SUMBAWA BESAR, SR (10/2/2019)

Suasana tenang di kediaman Syaifullah warga Desa Labuan Aji Kecamatan Tarano Kabupaten Sumbawa, Minggu (10/2) pagi ini seketika gaduh. Tiba-tiba seekor anjing yang diduga kuat terjangkit Rabies masuk ke rumah menyerang Syaifullah dan anaknya yang sedang tidur. Akibatnya Syaifullah mengalami luka gigitan di pergelangan tangan, sedangkan pustrinya, Desi yang masih duduk di bangku kelas 6 SD terluka di bagian jari tangannya. Syaifullah langsung membawa anaknya ke Puskesmas Tarano yang berjarak sekitar 100 meter dari rumahnya. Sedangkan anjing gila tersebut mati dibantai warga. Kini kedua korban gigitan anjing gila ini masih dalam perawatan medis.

Dihubungi SAMAWAREA, Syaifullah menuturkan, kasus itu terjadi tadi pagi sekitar pukul 06.30 Wita. Saat itu dia bersama anaknya sedang tidur. Dia terjaga setelah mendengar teriakan istrinya yang saat itu sedang bersih-bersih rumah bahwa ada anjing masuk. “Saya mengira itu anjing yang sedang mencari makan, saya hanya mengusirnya dengan suara,” kata Syaifullah.

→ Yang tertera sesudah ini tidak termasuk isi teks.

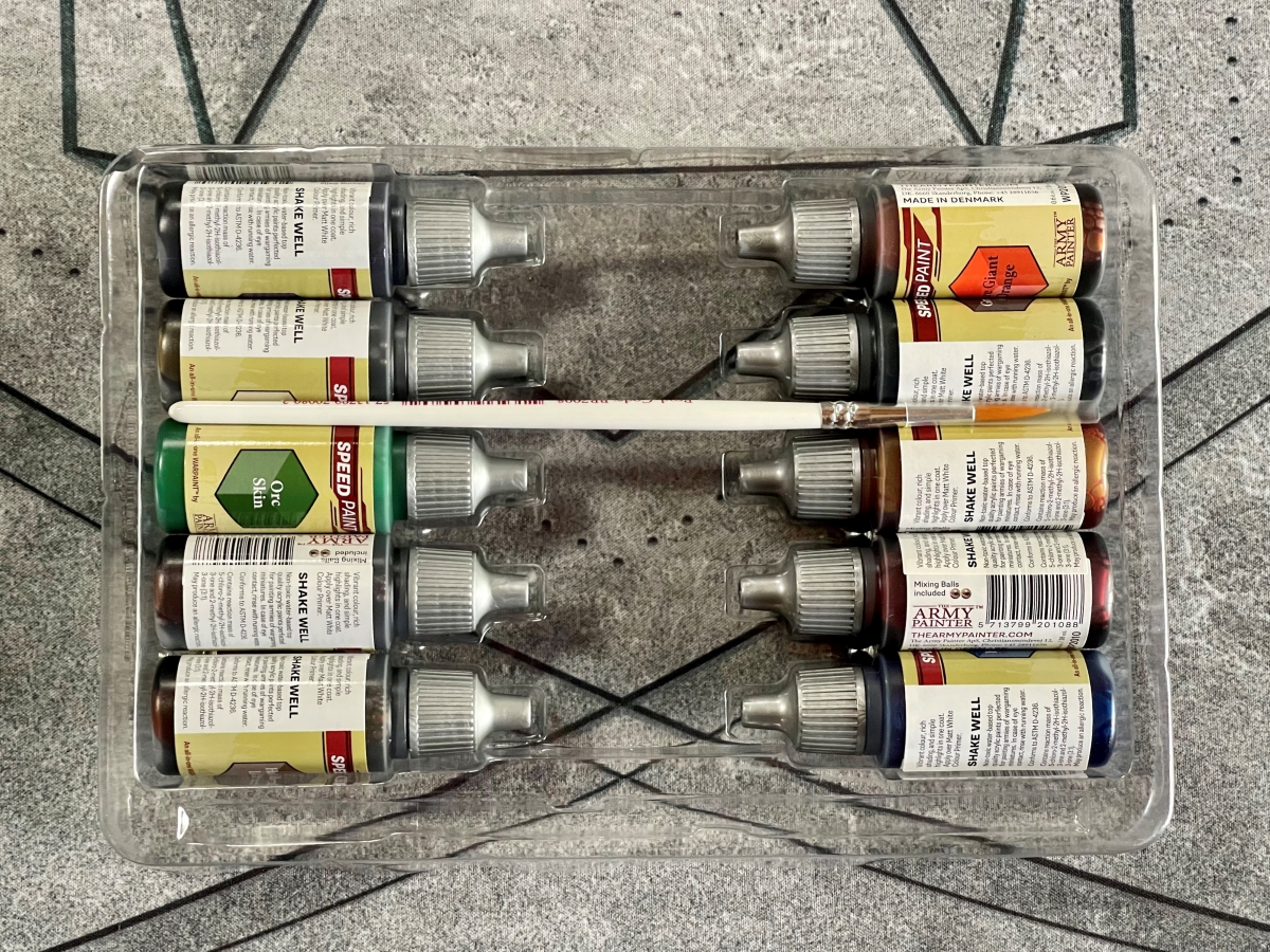 Inside of the box you’ll find a Wargamer: Monster paint brush, a painting guide, and the following ten 18ml Speedpaint colors:

Tanpa diduga anjing itu langsung loncat ke tempat tidur menyerangnya yang saat itu masih di dalam selimut. Tentu saja serangan mendadak ini membuatnya kaget, sehingga terjadi pergumulan hebat. Syaifullah yang tangannya tergigit, langsung membanting anjing tersebut di lantai kamarnya. Bukannya kabur, anjing itu malah mengamuk kembali menyerang. Kali ini yang diserang anak korban. Akhirnya Syaifullah mencekik anjing gila itu lalu membantingnya di luar rumah. Warga yang mengetahui kejadian itu langsung berdatangan dan membunuh anjing tersebut. “Saya langsung melarikan anak saya ke puskesmas,” ujarnya.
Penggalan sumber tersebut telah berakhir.